## [What the task requires]
Beginning with the line below that contains "表彰が終わると、校長先生のお" and ending with the line that contains "The classic wrap", retype every line exactly. Pictures are not copied.

-- Supplied material follows --

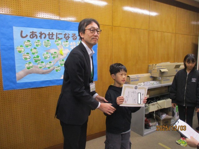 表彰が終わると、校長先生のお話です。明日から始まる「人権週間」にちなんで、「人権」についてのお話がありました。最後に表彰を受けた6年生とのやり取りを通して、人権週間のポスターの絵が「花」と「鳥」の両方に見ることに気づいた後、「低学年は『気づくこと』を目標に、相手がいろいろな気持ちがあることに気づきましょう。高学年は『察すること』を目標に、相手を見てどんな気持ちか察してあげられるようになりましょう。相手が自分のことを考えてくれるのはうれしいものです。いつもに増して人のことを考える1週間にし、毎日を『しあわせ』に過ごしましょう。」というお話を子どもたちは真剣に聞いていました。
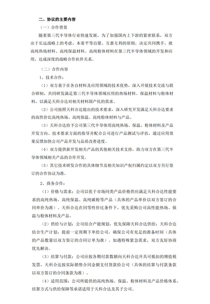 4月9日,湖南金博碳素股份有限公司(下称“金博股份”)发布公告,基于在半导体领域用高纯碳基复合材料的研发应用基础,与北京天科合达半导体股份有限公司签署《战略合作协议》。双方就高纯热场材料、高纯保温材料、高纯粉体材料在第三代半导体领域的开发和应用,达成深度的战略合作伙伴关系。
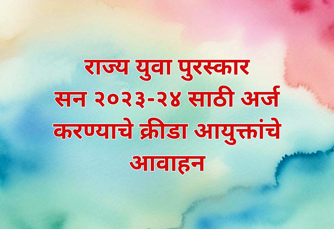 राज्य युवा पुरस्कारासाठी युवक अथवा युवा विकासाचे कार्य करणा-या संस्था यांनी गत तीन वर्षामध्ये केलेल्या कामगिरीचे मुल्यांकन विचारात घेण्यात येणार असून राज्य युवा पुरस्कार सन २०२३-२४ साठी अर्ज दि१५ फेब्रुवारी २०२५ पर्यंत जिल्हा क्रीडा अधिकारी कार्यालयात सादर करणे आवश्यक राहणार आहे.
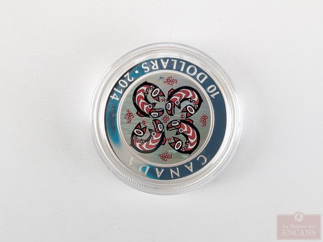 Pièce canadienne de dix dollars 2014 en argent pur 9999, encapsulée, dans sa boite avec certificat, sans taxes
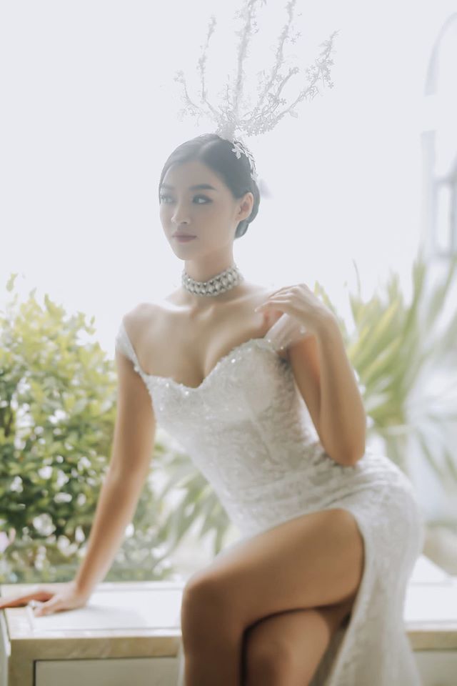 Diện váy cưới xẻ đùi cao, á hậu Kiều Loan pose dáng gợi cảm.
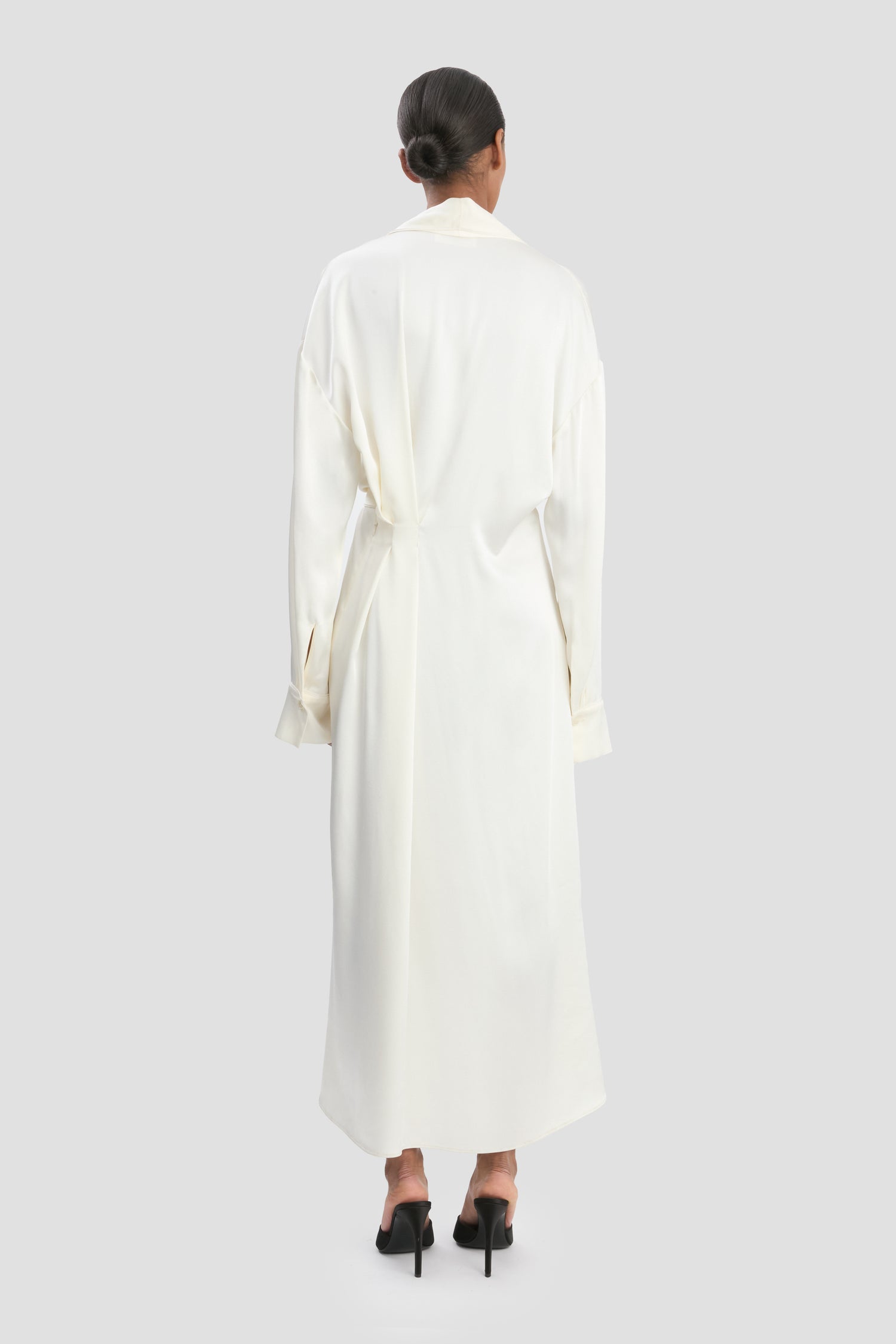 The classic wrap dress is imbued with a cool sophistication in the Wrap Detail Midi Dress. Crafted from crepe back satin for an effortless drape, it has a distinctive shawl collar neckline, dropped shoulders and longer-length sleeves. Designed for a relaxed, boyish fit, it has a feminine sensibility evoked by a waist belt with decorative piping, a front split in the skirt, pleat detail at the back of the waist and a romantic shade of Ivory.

-- Supplied material concluded --
-- Supplied material follows --

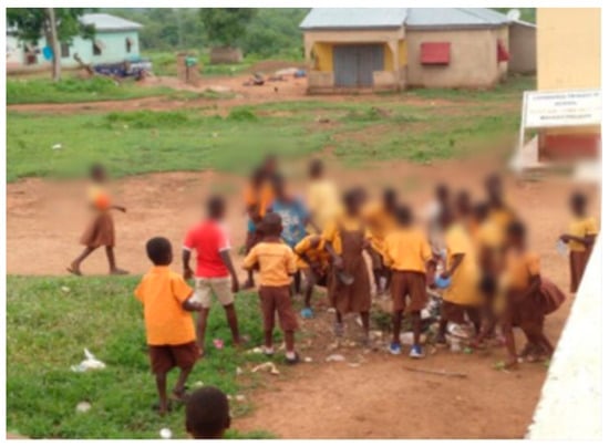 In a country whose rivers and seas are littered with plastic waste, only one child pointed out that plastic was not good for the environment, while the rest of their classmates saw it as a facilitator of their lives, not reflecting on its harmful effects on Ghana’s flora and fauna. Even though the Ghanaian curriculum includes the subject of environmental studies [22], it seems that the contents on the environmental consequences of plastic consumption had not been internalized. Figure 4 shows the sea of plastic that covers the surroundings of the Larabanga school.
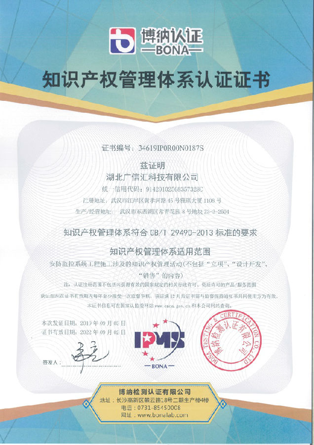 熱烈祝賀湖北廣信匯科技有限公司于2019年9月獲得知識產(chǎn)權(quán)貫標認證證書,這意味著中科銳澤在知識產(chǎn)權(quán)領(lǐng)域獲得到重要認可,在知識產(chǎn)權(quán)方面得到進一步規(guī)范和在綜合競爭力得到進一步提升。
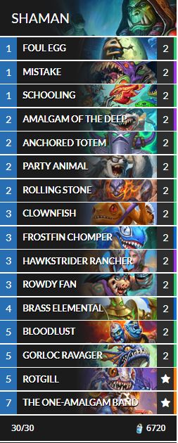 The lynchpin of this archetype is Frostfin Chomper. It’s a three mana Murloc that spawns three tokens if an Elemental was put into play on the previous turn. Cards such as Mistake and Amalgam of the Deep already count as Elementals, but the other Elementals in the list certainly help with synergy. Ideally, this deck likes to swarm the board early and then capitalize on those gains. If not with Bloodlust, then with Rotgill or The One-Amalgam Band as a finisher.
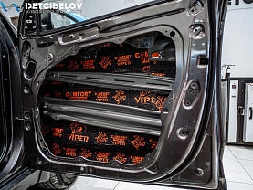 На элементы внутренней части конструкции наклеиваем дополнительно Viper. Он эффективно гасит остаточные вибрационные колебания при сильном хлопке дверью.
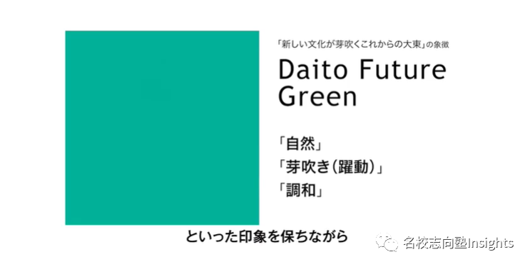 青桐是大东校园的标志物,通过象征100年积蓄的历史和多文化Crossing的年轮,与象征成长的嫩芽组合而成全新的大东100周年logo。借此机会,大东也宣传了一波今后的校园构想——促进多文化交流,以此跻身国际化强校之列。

-- Supplied material concluded --
-- Supplied material follows --

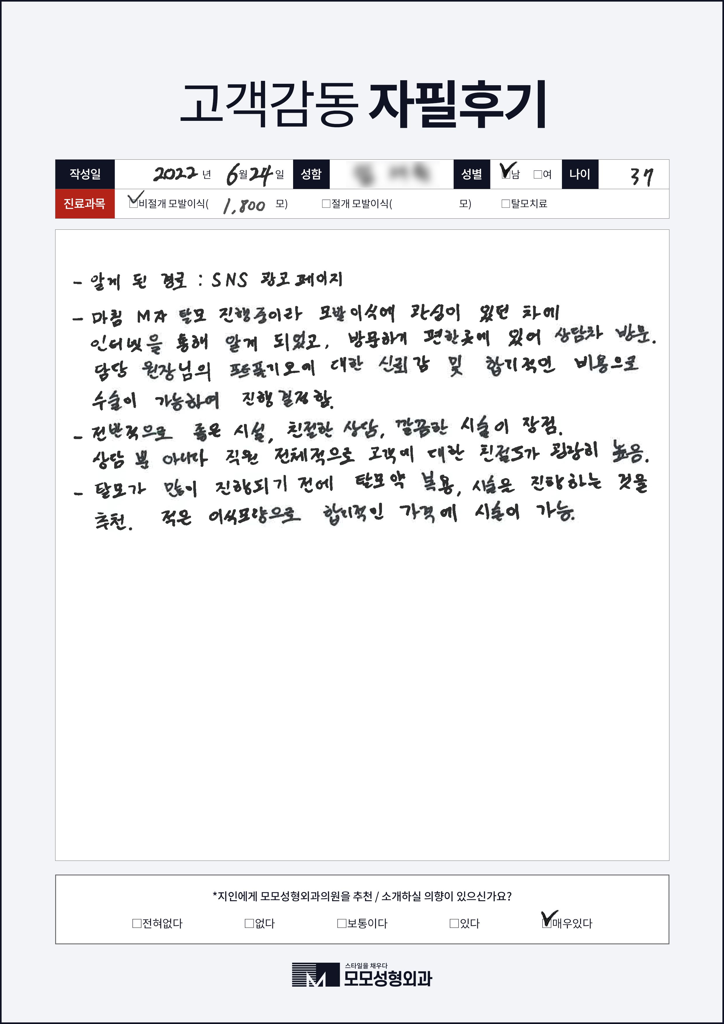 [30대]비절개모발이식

-- Supplied material concluded --

## [Solution to the problem]
 表彰が終わると、校長先生のお話です。明日から始まる「人権週間」にちなんで、「人権」についてのお話がありました。最後に表彰を受けた6年生とのやり取りを通して、人権週間のポスターの絵が「花」と「鳥」の両方に見ることに気づいた後、「低学年は『気づくこと』を目標に、相手がいろいろな気持ちがあることに気づきましょう。高学年は『察すること』を目標に、相手を見てどんな気持ちか察してあげられるようになりましょう。相手が自分のことを考えてくれるのはうれしいものです。いつもに増して人のことを考える1週間にし、毎日を『しあわせ』に過ごしましょう。」というお話を子どもたちは真剣に聞いていました。
 4月9日,湖南金博碳素股份有限公司(下称“金博股份”)发布公告,基于在半导体领域用高纯碳基复合材料的研发应用基础,与北京天科合达半导体股份有限公司签署《战略合作协议》。双方就高纯热场材料、高纯保温材料、高纯粉体材料在第三代半导体领域的开发和应用,达成深度的战略合作伙伴关系。
 राज्य युवा पुरस्कारासाठी युवक अथवा युवा विकासाचे कार्य करणा-या संस्था यांनी गत तीन वर्षामध्ये केलेल्या कामगिरीचे मुल्यांकन विचारात घेण्यात येणार असून राज्य युवा पुरस्कार सन २०२३-२४ साठी अर्ज दि१५ फेब्रुवारी २०२५ पर्यंत जिल्हा क्रीडा अधिकारी कार्यालयात सादर करणे आवश्यक राहणार आहे.
 Pièce canadienne de dix dollars 2014 en argent pur 9999, encapsulée, dans sa boite avec certificat, sans taxes
 Diện váy cưới xẻ đùi cao, á hậu Kiều Loan pose dáng gợi cảm.
 The classic wrap dress is imbued with a cool sophistication in the Wrap Detail Midi Dress. Crafted from crepe back satin for an effortless drape, it has a distinctive shawl collar neckline, dropped shoulders and longer-length sleeves. Designed for a relaxed, boyish fit, it has a feminine sensibility evoked by a waist belt with decorative piping, a front split in the skirt, pleat detail at the back of the waist and a romantic shade of Ivory.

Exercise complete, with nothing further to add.